Whenever you encounter the following situations, consider creating statistics:
- The Database Engine Tuning Advisor suggests creating statistics
- The query predicate contains multiple columns that aren't already in the same index
- The query selects from a subset of data
- The query has missing statistics
Maintenance tasks automation
Azure SQL provides native tools to perform database maintenance tasks for automation purposes. Different tools are available depending on the platform where the database is running.
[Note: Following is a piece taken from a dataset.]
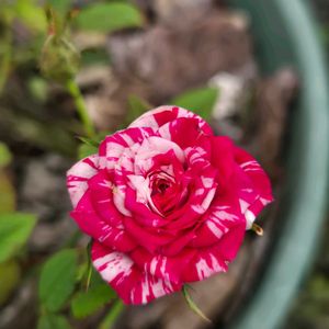 ミニ薔薇「ゼブラ」 10月23日am10:04頃 ✧p📷qω•,,´)パシャ✧ 小さな花のゼブラ、花の大きさ2.5cm程のバラです。 絞り柄で可愛く咲いてくれてます。 部屋でじっとしていると寒いので、昨日からファンヒーターを着けました。 昨日↑16℃↓11℃ 今日↑18℃↓12℃ 真夏から20℃近く下がったんですね。 寒いわけです。 風邪をひかないように気を付けましょう。😃✌️🎶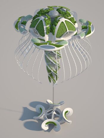 In een verhalend persbericht schetst de architect een toekomstbeeld van Aequorea, vernoemd naar de bioluminescerende kristalkwal die zijn eigen energie produceert. Deze vernoeming is niet voor niks; op de schetsen drijven de koloniën als enorme koepels op de oceaan, terwijl de spiraalvormige kern van de constructie tot 1.000 meter onderwater drijft en gestabiliseerd wordt door enorme tentakels.

SQL Server on an Azure Virtual Machine
You have access to scheduling services such as the SQL Agent or the Windows Task Scheduler. These automation tools can help keeping the amount of fragmentation within indexes to a minimum. With larger databases, a balance between a rebuild and a reorganization of indexes must be found to ensure optimal performance. The flexibility provided by SQL Agent or Task Scheduler allows you to run custom jobs.
Azure SQL Database
Due to the nature of Azure SQL Database, you don't have access to SQL Server Agent nor Windows Task Scheduler. Without these services, index maintenance must be created using other methods. There are three ways to manage maintenance operations for SQL Database:
Azure Automation runbooks
SQL Agent Job from SQL Server in an Azure Virtual Machine (remote call)
Azure SQL elastic jobs
Azure SQL Managed Instance
As with SQL Server on an Azure Virtual Machine, you can schedule jobs on a SQL Managed Instance through SQL Server Agent. Using SQL Server Agent provides flexibility to execute code designed to reduce fragmentation within the indexes in the database.